Shouting her name, slipping and sliding in the loose leaves, he lost control near the bottom of the slope and blundered forward. One of his outstretched hands penetrated the very center of the shrinking globe. He half- expected to be burned, but instead the orb exploded in a noiseless flash, lifting him off his feet and tossing him into the scorched saplings.
By the time he’d shaken off the impact and recovered his sight, he beheld a very different apparition.

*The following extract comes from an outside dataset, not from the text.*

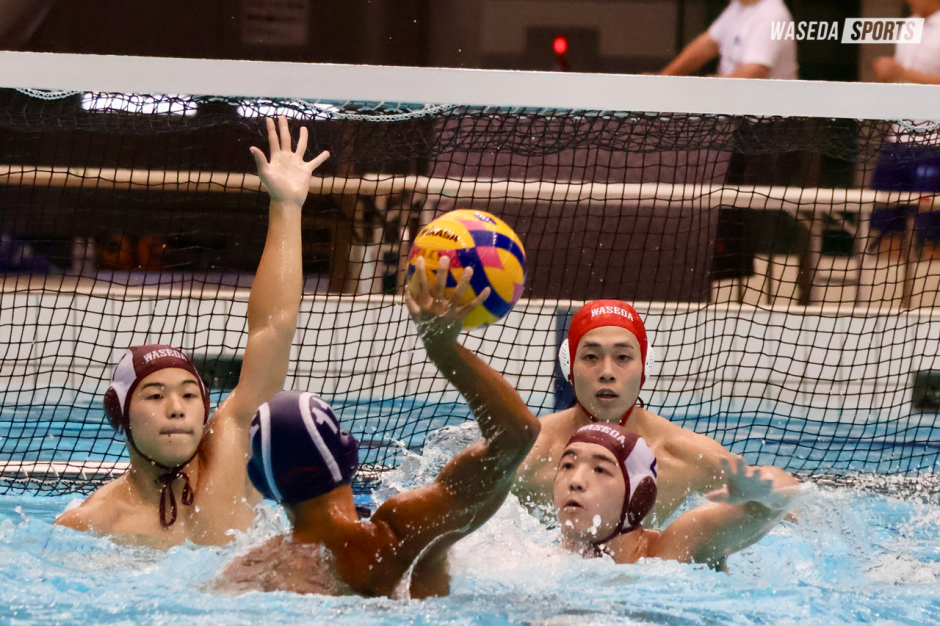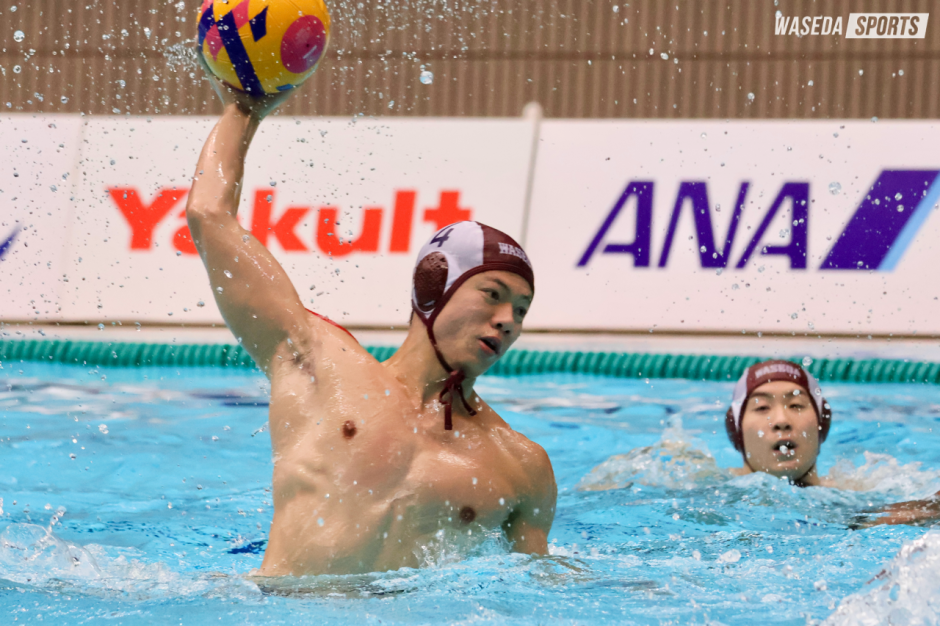 第101回日本学生選手権水泳競技大会水球競技。前日の成蹊大戦を制し、準々決勝へと駒を進めた早大。迎える相手は、同じ関東1部リーグの中央大学。勝負の山場となった一戦は、序盤から一進一退。前半を8―8の同点で折り返すと、後半も激しい点の取り合いの白熱した接戦に。互いに譲らぬ攻防の末、試合は、残り1分になってもなお同点の緊迫した展開が続いた。しかし、残り30秒で、痛恨の失点。最後まで攻め続けたものの、あと一歩届かず、14―15で惜しくも敗れ、ベスト8で今大会を終えた。→続き・コメントを読む

The pulsating orb of light was gone. In its place was a city.
Small as a child’s toy, the city lay dead center in the ravine, bathed in bright sunlight. The walls and towers were no higher than Tol’s knee, as though he viewed a real town across a great distance. The apparition was so perfect and life-like, Tol recognized the place immediately. It was Juramona.
Smoke billowed from various buildings, and flames topped the old wooden walls. The High House, residence of the Marshal of the Eastern Hundred, was engulfed in fire. Swarms of men on horseback galloped through the smoke and chaos. The south gate was breached, as was the east. Sabers rose and fell. Tiny figures on foot fell like scythed grain. Juramona was being sacked.
Gradually Tol heard the noises. Softly at first, and garbled, they soon sorted themselves into distinct sounds- the crackle of flames, hoofbeats, the clash of arms, and above it all, the wailing cries of the dying. A thousand swords struck down a thousand victims-men, women, and children. The smell of blood filled the air, an odor as thick as the smoke.
A new sound arose, slowly growing louder. At first he couldn’t credit it, it was so utterly out of place. Soon it drowned out all the other noises and there was no mistaking it: laughter.
A single male voice was laughing at the carnage. As surely as Tol knew his own name, he recognized that laugh. It was Nazramin, who now ruled Ergoth as Emperor Ackal V.
The laughter swelled in power and volume until it beat at his ears, pounding in his head like a relentless sea. Eyes squinting against the agony, Tol fell to his knees.